Carter placed her hands on Cromwell's desk and leaned in. “I'm afraid this is more of a bodily harm threat.”
Cromwell arched her eyebrows unevenly. No doubt if she could raise only one, she would, but the move was loaded with more than enough mockery.
Carter pushed up. “Suit yourself. I hope you don't mind a few cop cars sitting outside your house.”
Finally, a reaction out of Cromwell other than a scoff. She looked pained. “So long as you can be discrete.”
“That's not going to happen.”
Cromwell's desk drawer was silent, but her gun cocking was not. She held it at arm's length and pointed it at Carter's head. “Do you know, besides not liking beer, women don't shoot people in the face?” She tilted the gun away with a smile and quirk of her eyebrow, only for a moment.
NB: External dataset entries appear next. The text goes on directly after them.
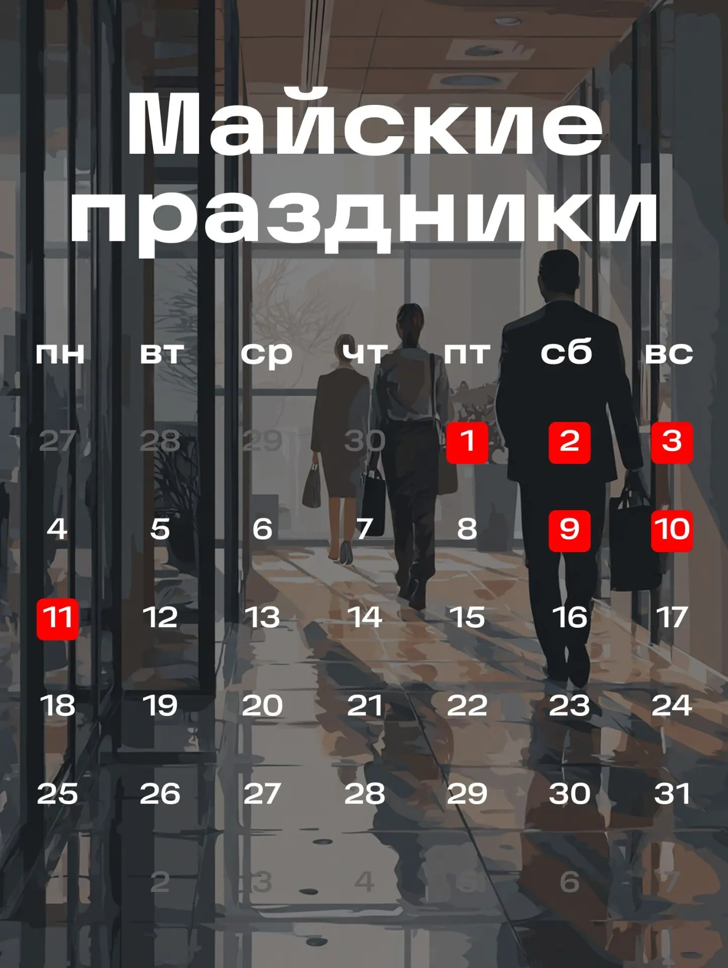 Так как первые майские дни будут праздничными, 30 апреля будет сокращенным рабочим днем, а пятница, 1 мая, - выходным.
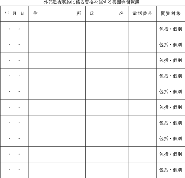 第6条 資格を証する書面等を閲覧しようとする者(以下「閲覧者」という。)は、外部監査契約に係る資格を証する書面等閲覧簿(別記様式)に必要な事項を記入しなければならない。
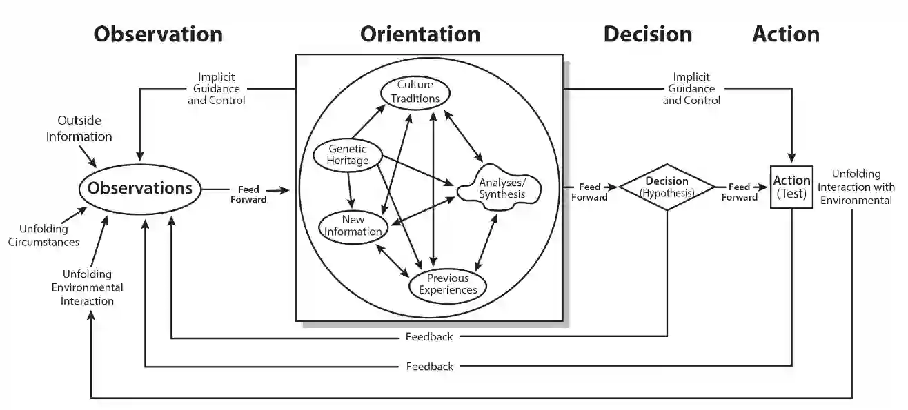 尽管有了这些对行动过程的改进,SUDAA的理念仍然没有得到完善。然而,它显然受到了另一个决策框架的启发,这个框架更加成熟,也可以应用于整个作战职能和所有组织层面,即由退役的约翰-博伊德上校创建的方向-观察-决定-行动(OODA)循环。
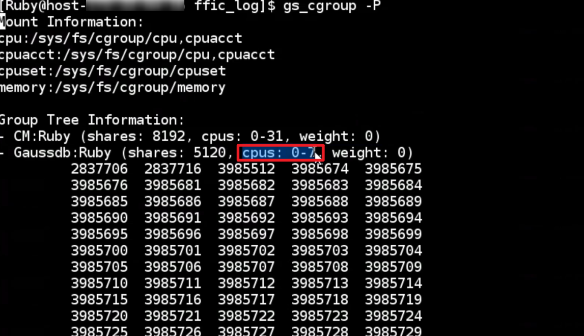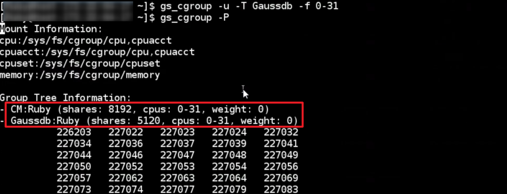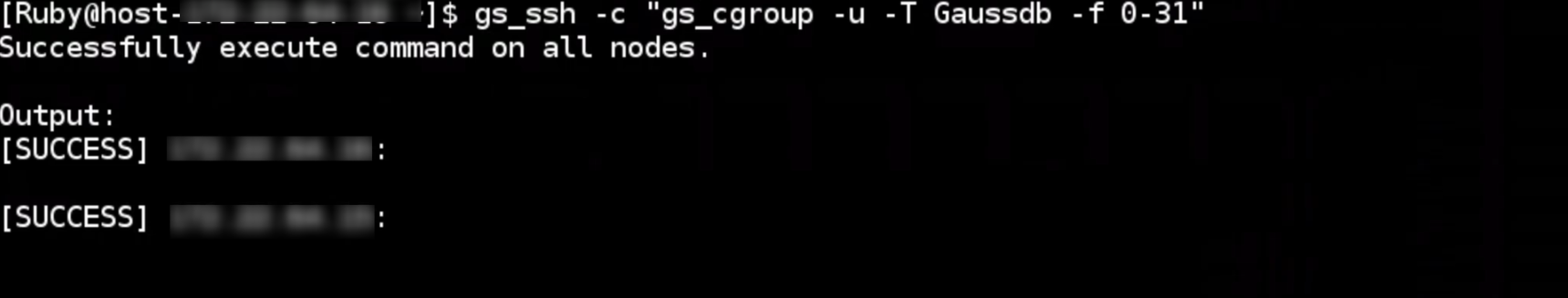gs_ssh -c "gs_cgroup -u -T Gaussdb -f 0-31"
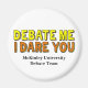 Debate conmigo, te atrevo a imprimirte. Una cita segura de una persona obstinada que puede discutir su camino a través de cualquier discusión o competencia. Guay texto amarillo brillante y naranja sobre estos imanes del humor de los oradores para un equipo de debate y discurso de la escuela secundaria, universitaria o universitaria. Ten la confianza de que ganarás cualquier discusión.
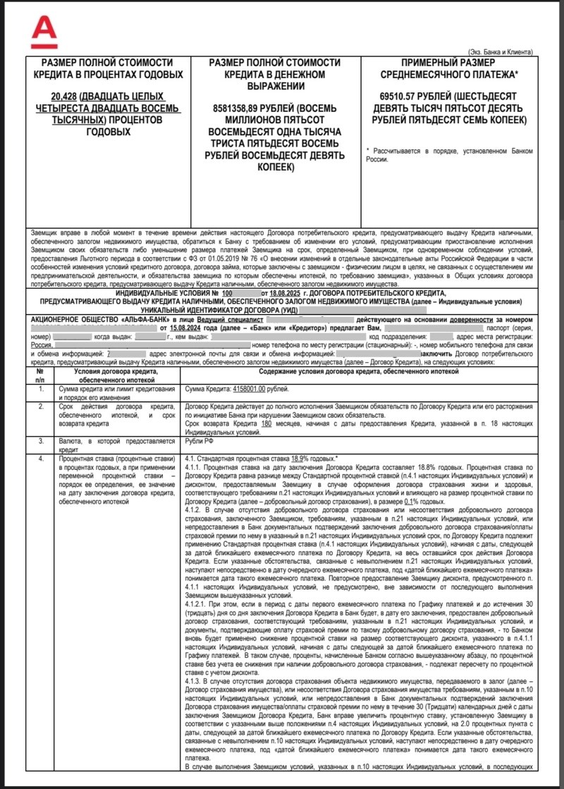 18.08.2025 клиент взял кредит в АО «Альфа-Банк».
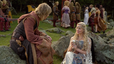 Spinning Zed a story about how his memories have faded with age, Shota promises to bring him back to his full strength by casting a magic spell to restore his youth. This she does, and kudos to the casting department for finding a guy who credibly looks like Bruce Spence in his youth, from his height to his hair to his elongated facial features.

Carter drew and sank a shot in Cromwell's shoulder, but hesitated on the second and third shot her training demanded. Across the room, a bottle shattered. Cromwell dropped the gun in shock and gripped her hand. Carter scooped it up.
“Skittish people shouldn't carry guns.” To be fair, few people wouldn't have spasmed on the trigger. Or dropped it after the kickback, if that was their first time firing a gun.
As soon as a handcuffed Cromwell was on her way to hospital, Carter's phone rang.
“You're alive,” she answered.
He didn't have to say No thanks to you. “The next time he calls, pretend he didn't.”
“You don't have the training and you know nothing about how this information is obtained – or just how incomplete it is.”
“You know I'm a competent cop.” If an untrustworthy one.
“And that's why you're still alive, detective.”
“Don't do it again.” She'd meant for getting him shot; she doubted he did.
“I'm on your side.” And if the opportunity to assist his vigilante justice legally wandered up to her again, she'd take it.
“That's a bad place to be, Detective.”
Before she could protest, he punctuated with a dial tone.
John waited until he could hear the sound of Carter driving in the background to shuffle into Cromwell's office and make sure it this one was really as simple as it seemed. No doubt Cromwell was into something illegal and fully willing to shoot someone, and that could very well be that.
Money laundering. With antique beer bottles, sold at grossly inflated prices.
Now that he was the one making the call, he dialed Fusco. John could trust in fear to keep Fusco in line. He could trust Finch's self interest to keep numbers and resources coming without too many strings.
And he could trust that he himself had nothing to lose but innocent lives.